Edges connecting $(x,x)$ add $cnt[x]/2$ .

This runs in $O(N\log N)$ if a sorted map is used.

#include <bits/stdc++.h>
using namespace std;

template <class T> using V = vector<T>;
#define all(x) begin(x), end(x)

int main() {
    ios::sync_with_stdio(false);
    cin.tie(nullptr);
    int N, A, B;
    cin >> N >> A >> B;
    assert(A == B);

    map<int, int> cnt;
    while (N--) {
        int n, id;
        cin >> n >> id;
        cnt[id] = n;
    }
    int64_t ans = 0;
    for (auto [id, n] : cnt) {
        if (2 * id < A) {
            if (cnt.count(A - id)) ans += min(n, cnt.at(A - id));
        } else if (2 * id == A) {
            ans += n / 2;
        }
    }
    cout << ans << "\n";
}

Full Solution:

Suppose there is a vertex

$x$ incident to only one edge

$e$ , with opposite endpoint

$y$ . If

$x=y$ , then as in subtask 1 we must form as many pairs with this edge as possible since it is adjacent to no other edges. Otherwise, this edge could be adjacent to a different edge

$e'$ , and forming an additional pair with

$e$ might prevent the formation of an additional pair with

$e'$ . However, it does not hurt to form as many pairs using

$e$ as possible, since each additional pair formed using

$e$ prevents the formation of at most one other pair. After doing this, no additional pairs can be formed with

$e$ , and

$e$ may be removed from the graph.

It turns out that as long as we repeat the procedure above while possible, we will end up removing all edges from the graph (see the end of the analysis for why).
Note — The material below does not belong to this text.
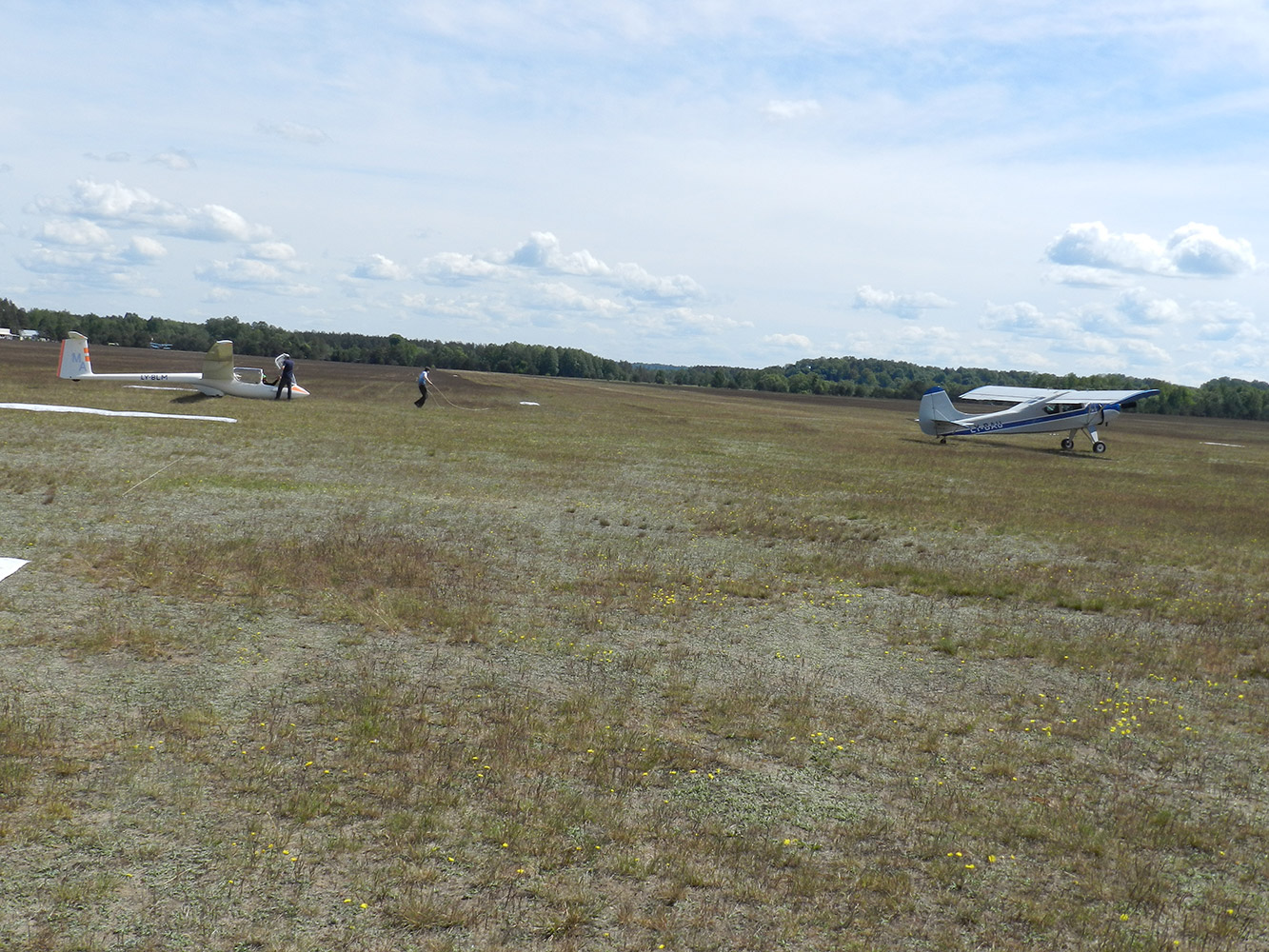 Mes esame Pociūnu aerodrome. Čia vyko Lietuvos aviacijos veteranų A.Jonušo taurės sklandymo sporto varžybos.

To simulate this efficiently, we can maintain a list of vertices that might be incident to exactly one edge. While the list is nonempty, we can remove its last element, and if this element is incident to exactly one edge, apply the procedure above and append $y$ to the list.

The runtime is $O(N\log N)$ , which is the same as the previous subtask. Solutions with an additional factor of $N$ could receive partial credit.

#include <bits/stdc++.h>
using namespace std;

template <class T> using V = vector<T>;
#define all(x) begin(x), end(x)

int main() {
    ios::sync_with_stdio(false);
    cin.tie(nullptr);
    int N, A, B;
    cin >> N >> A >> B;

    map<int, int> cnt;
    while (N--) {
        int n, id;
        cin >> n >> id;
        cnt[id] = n;
    }
    map<int, set<int>> adj;
    vector<int> cands;
    for (auto [id, _] : cnt) {
        cands.push_back(id);
        adj[id] = {};
        for (int s : {A, B})
            if (cnt.count(s - id)) adj[id].insert(s - id);
    }
    int64_t ans = 0;
    while (!cands.empty()) {
        int x = cands.back();
        cands.pop_back();
        if (adj.at(x).size() != 1) continue;
        int y = *begin(adj.at(x));
        if (x == y) {
            ans += cnt.at(x) / 2;
        } else {
            int pairs = min(cnt.at(x), cnt.at(y));
            ans += pairs;
            cnt.at(y) -= pairs;
        }
        // note: cnt[x] is no longer used in any future steps,
        // so its value doesn't matter
        adj.at(x).erase(y);
        adj.at(y).erase(x);
        cands.push_back(y);
    }
    // sanity check: no edges remaining
    for (const auto &[id, s] : adj) assert(s.empty());
    cout << ans << "\n";
}

Why are all edges removed?

We want to show that if the graph contains an edge, then there is a vertex incident to exactly one edge. When

$A=B$ no vertex is incident to more than one edge, so the conclusion is trivial.

It remains to consider $A\neq B$ . Every vertex in the graph incident to at least one edge must be incident to either one or two edges. Suppose there is a vertex $x$ incident to two edges (one corresponding to summing to A, and the other corresponding to summing to B). Then let's construct a walk by traversing a type-A edge, then a type-B edge, then a type-A edge, and so forth. This walk will eventually terminate at some vertex incident to exactly one edge. or it would run indefinitely. However, the latter case is impossible since then it would traverse infinitely many distinct vertices ( $x, x+B-A, x+2(B-A), \dots$ ), contradicting the graph having finite size.